A voluptas, o editor e o leitor

livro de horas

a história do livro é a história da relação entre o texto e as imagens

Desde a Antiguidade que a “voluptas” se cola como uma lapa à leitura. A “voluptas” do olhar foi utilizada pelos “editores” em toda a sua extensão para que o leitor pudesse ter uma dose dupla de lascívia: lendo o texto e vendo imagens. Curiosamente, a história do livro também foi, em parte, a história da relação entre o texto e as imagens; a história do livro não seria o que é sem os maravilhosos livros de horas, sem os riquíssimos trabalhos dos iluminadores, sem o incrível talento de desenhadores e gravadores. Ou seja, o “coffee-table book” é uma invenção clássica que a Idade Média pacientemente redefiniu.

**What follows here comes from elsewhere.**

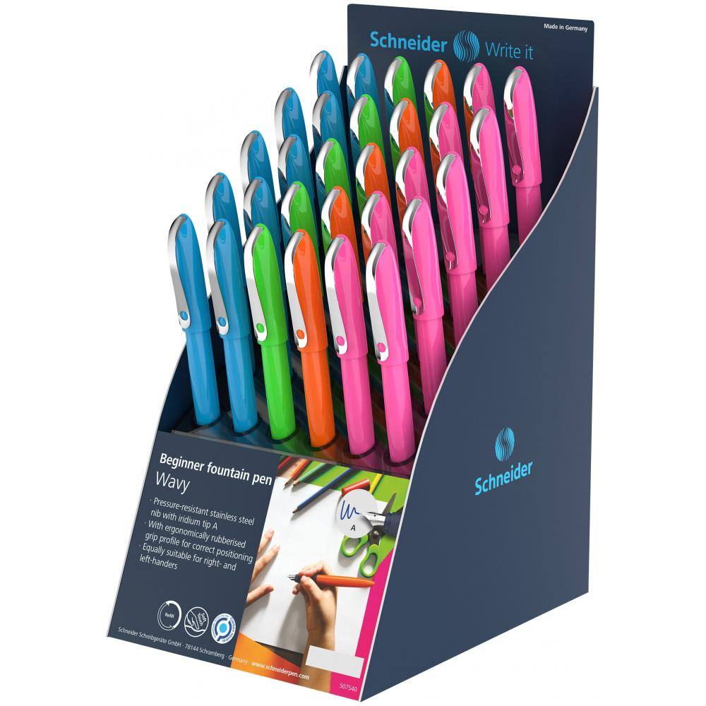 Nalivno pero Wavy v displeju.#13#10- Idealno nalivno pero za učenje pisanja.#13#10- Iridijeva konica, odporna na pritisk. #13#10- Ergonomska oblika in mehak oprijem#13#10- Za desničarje in levičarje. #13#10- V displeju 30 nalivnih peres, mix barv.

Fiz uma preguiçosa pesquisa e tentei descobrir os best-sellers do século XV, quando a invenção guttenberguiana fez do livro o que, basicamente, ele continua a ser hoje. Num tempo de incunábulos, o livro que mais se editou foi a Bíblia. Só da Vulgata Latina fizeram-se 133 edições. Tomás de Aquino era, ao que consta, o Dan Brown da altura. Com a vantagem do Vaticano, que se saiba, nunca o ter obrigado a declarar que era ficção a teia que ele armava com os seus fios de cuspo metafísicos e a sua brilhante baba teológica. Também se publicaram clássicos: Cícero, Ovídio, Horácio. Mas a obra de ficção mais lida foi a novela “História de Dois Amantes” do Papa Pio II (que julgo ter por título “Eurialo e Lucrécia” e que deve ser a única narrativa erótica escrita por um Papa).

pio II

a única novela erótica escrita por um Papa

Os livros de auto-ajuda também não se portavam mal: os livrinhos de medicina de Galeno e de Avicena vendiam-se como pãezinhos. Na literatura um pouco mais light, um fólio de grande sucesso foi a Carta de Cristóvão Colombo sobre as ilhas recém-descobertas, impresso em Barcelona no ano de 1493: alcançou 12 edições em 12 meses, antecipando o sucesso que os meus amigos da Gradiva tiveram com o “Codex” do José Rodrigues dos Santos.

Eu não sei se estes meus números de vendas são muito fidedignos. Sei apenas que a filosofia não mudou muito: os editores no século XV publicavam afinal aquilo que os leitores queriam ler.

Sobre Manuel S. Fonseca

O meu maior medo é que a morte seja tudo às escuras sem se poder ler. Pouco interessa deixar de ser humano, desde que não deixe de ser leitor. Ler é do mais feliz que tenho. Até porque escrever é triste.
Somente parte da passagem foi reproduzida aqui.